According to the new framework, complex systems exhibit emergence by organizing themselves into hierarchical structures, where each level functions independently of the details of lower levels. The researchers propose thinking of emergence as a kind of “nature’s software.” Just as the software in your laptop works without keeping track of all the micro-level information about the electrons in your computer’s circuits, emergent phenomena are governed by macro-level rules that appear self-contained, without concern for how their components work.
The researchers used a mathematical formalism called computational mechanics to identify criteria for determining which systems have such hierarchical structure.
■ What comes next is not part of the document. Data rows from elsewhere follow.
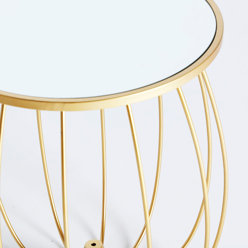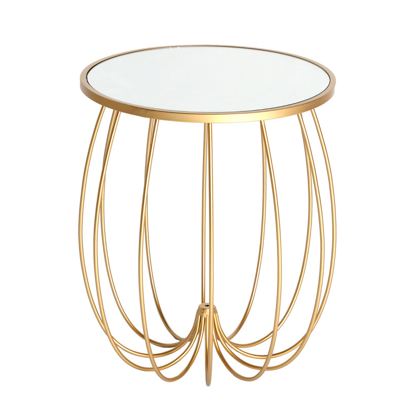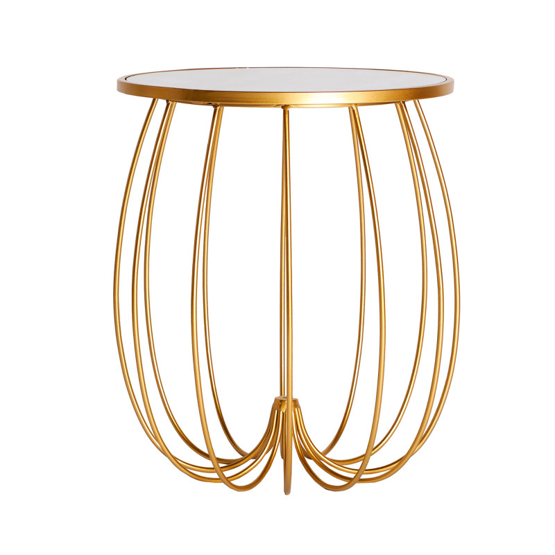 Mesa auxiliar belitsa, en color oro, de estilo art deco. Fabricado en hierro, combinado con espejo.
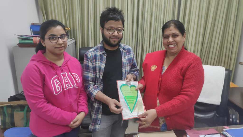 On Valentine’s Day, 14th February 2020, college students from Delhi accompanied by a few adults from Gurgaon went to the Haryana Bhawan in New Delhi with a card and petition letter addressed to Mr. Manohar Lal Khattar, the Chief Minister of Haryana. The Valentine’s Day card made out of recycled newspaper in the shape of a green heart with a few leaves and twigs pasted inside to represent the Aravalli forest was given to the officiating Resident Commissioner for the Chief Minister of Haryana by the students. The card said, “Respected Chief Minister, A very Happy Last Green Valentine’s Day! Please don’t destroy our Aravallis. The future of your family as well as ours is in grave danger. We don’t need development at the cost of our trees. Please save our Aravalli forests!”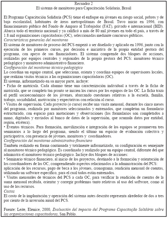 Para optimizar su utilidad, los sistemas de monitoreo y evaluación deben permitir aprendizaje y ajustes a lo largo del proyecto. La experiencia demuestra que el monitoreo es eficaz cuando incluye procesos participativos donde los beneficiaros tienen oportunidades de aportar sus impresiones durante su ejecución. Con la evaluación intermedia realizada a tiempo se pueden implementar los ajustes necesarios, lo que contribuye a que se obtengan mejores resultados. Se ejemplifica aquí con el sistema de monitoreo del Programa Capacitación Solidaria (recuadro 2).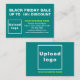 Attract more customers by offering them discount this Black Friday, one of the marketing strategies to have more customers. Customisable enclosure card that you can use to attract more customers to buy your products or clients to like your services. Enclosure card with your business brand as marketing material that you can also use to build brand name awareness. Design colours are white and yellow-green texts on teal green background. To customise this enclosure card, specify the percent discount that you will offer, upload your business logo, type your business name, address, phone number, e-mail and website or your business social media page. Please check the appearance on front and back sides after uploading logo and typing texts. If the appearance is pleasing to you, you can place your order now. If you need to resize and move the logo and texts to fit on this enclosure card, please change in the design tool. You can also change the background colour, font colour and font style in the design tool. Wishing you more sales this Black Friday.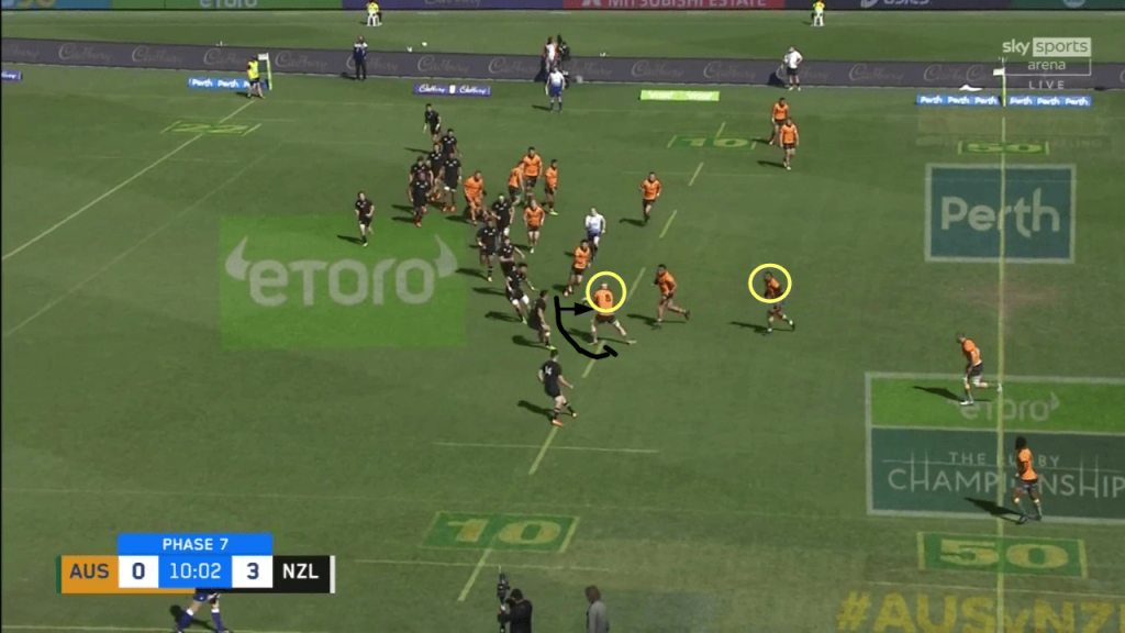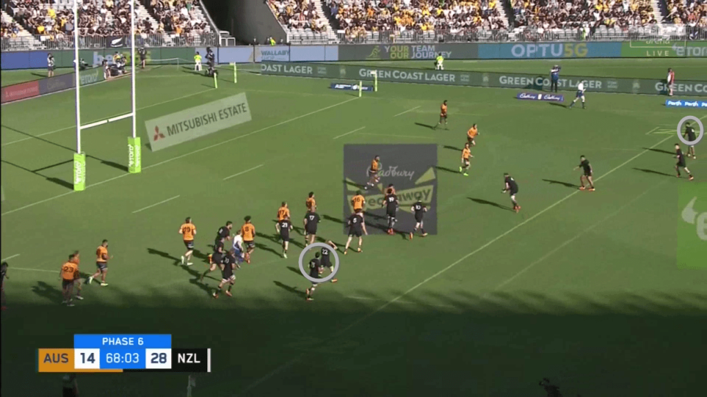 Lienert-Brown makes another good read, crashing down inside to knock over Michael Hooper. Two phases later, he is back in position on the right edge, creating another on-ball chance for Ethan Blackadder.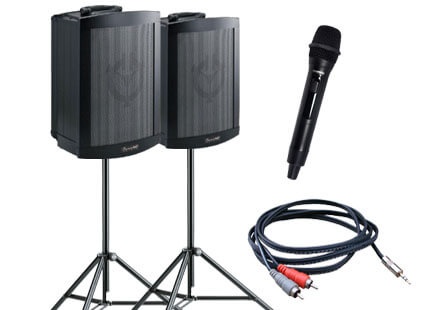 75 watt self contained speaker / amplifier system. This unit will run for 4hrs on the internal batteries,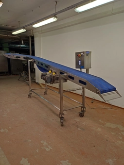 45° curve mobile elevating belt, s/s frame, plastic mesh belt, belt width: 380 mm, elevating height: 1640 mm, total dimensions: 480…€ 300,000 bidsLast day: 24 March 2026 16:00

They tested these criteria on several model systems known to exhibit emergent phenomena, including neural networks and Game of Life-style cellular automata. In fact, the degrees of freedom, or independent variables, that capture the micro- and macro-scale behavior of these systems are exactly the same relationships that the theory predicts.
Of course, new matter or energy doesn’t appear in an emergent system at the macro level that doesn’t exist at the micro level. Rather, emergent phenomena, from the Great Red Spot to conscious thought, require new language to describe the system. “What these authors have done is tried to formalize it,” says Chris Adami, a complex-systems researcher at Michigan State University. “I totally support this idea of making things mathematical.”
The need for resolution
Rosas approached the topic of emergence from different directions. His father was a famous Chilean conductor, where Rosas first studied and performed music. “I grew up in concert halls,” he says. He then turned to philosophy, followed by a degree in pure mathematics. He suffered from an “overdose of abstract ideas,” but a PhD in electrical engineering “cured” him.
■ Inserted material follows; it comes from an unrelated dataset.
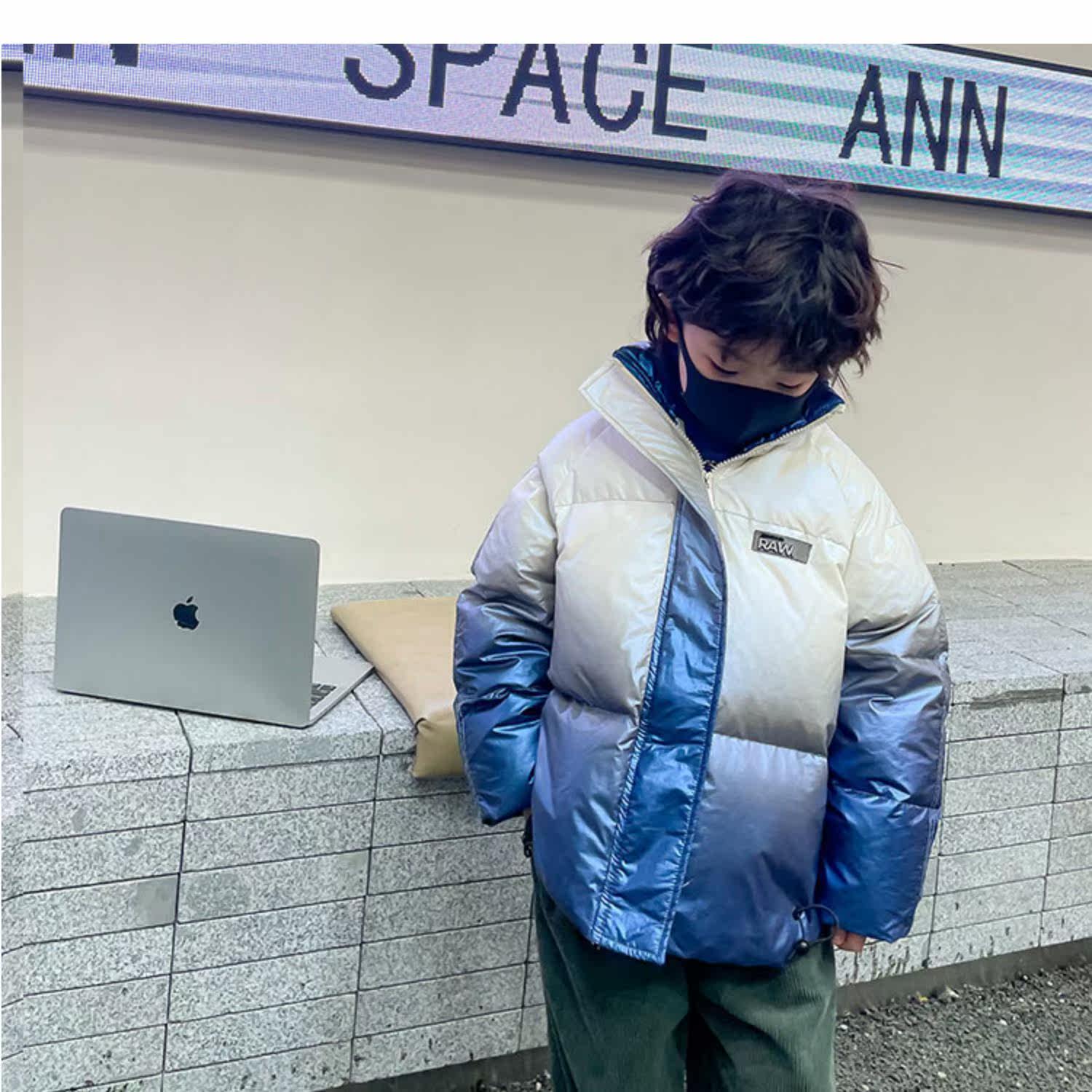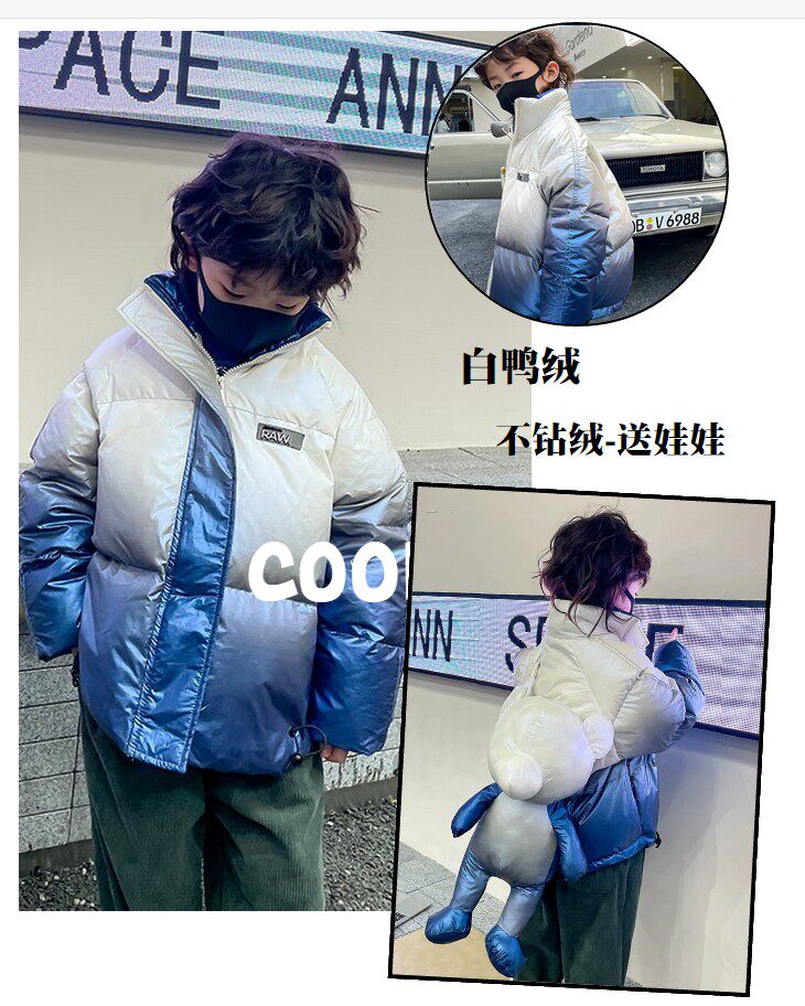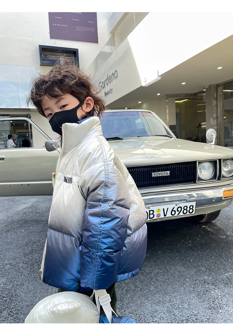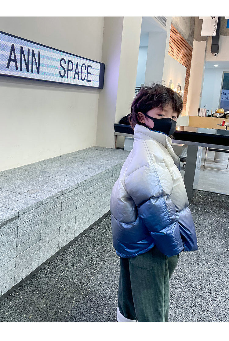 Глянцевый зимний пуховик для мальчиков, бархатная детская утепленная куртка, 2022, в корейском стиле, в западном стиле, градиент, утиный пух

A few years ago, Rosas started thinking about the difficult question of whether the brain is a computer. Think about what goes on inside your laptop: Software produces predictable, repeatable outputs for a given set of inputs. But if you look at the actual physics of the system, the electrons don’t follow the same trajectory every time. “It’s messy,” Rosas says. “It’s never going to be exactly the same.”
Software appears to be “closed” in the sense that it is independent of the detailed physical properties of the microelectronic hardware. The brain works in a similar way: our neural activity is never identical across circumstances, but our behavior is consistent.
Rosas and colleagues thought that emergent systems actually involve three different types of closure: If you spent a lot of time and effort gathering information about all the microstates in the system (such as the energy of the electrons), would the output of your laptop become more predictable? In general, no. This is because Information closure“All the sub-macro details are not useful for predicting the macro,” Rosas said.
If you want to control a system, not just predict it, is low-level information useful there? This usually doesn’t help either. Interventions you make at the macro level, like changing software code by typing on a keyboard, are no more reliable than trying to change the orbitals of individual electrons. If low-level information doesn’t give you more control over the macro outcome, then the macro level is Causally closed: It creates its own future.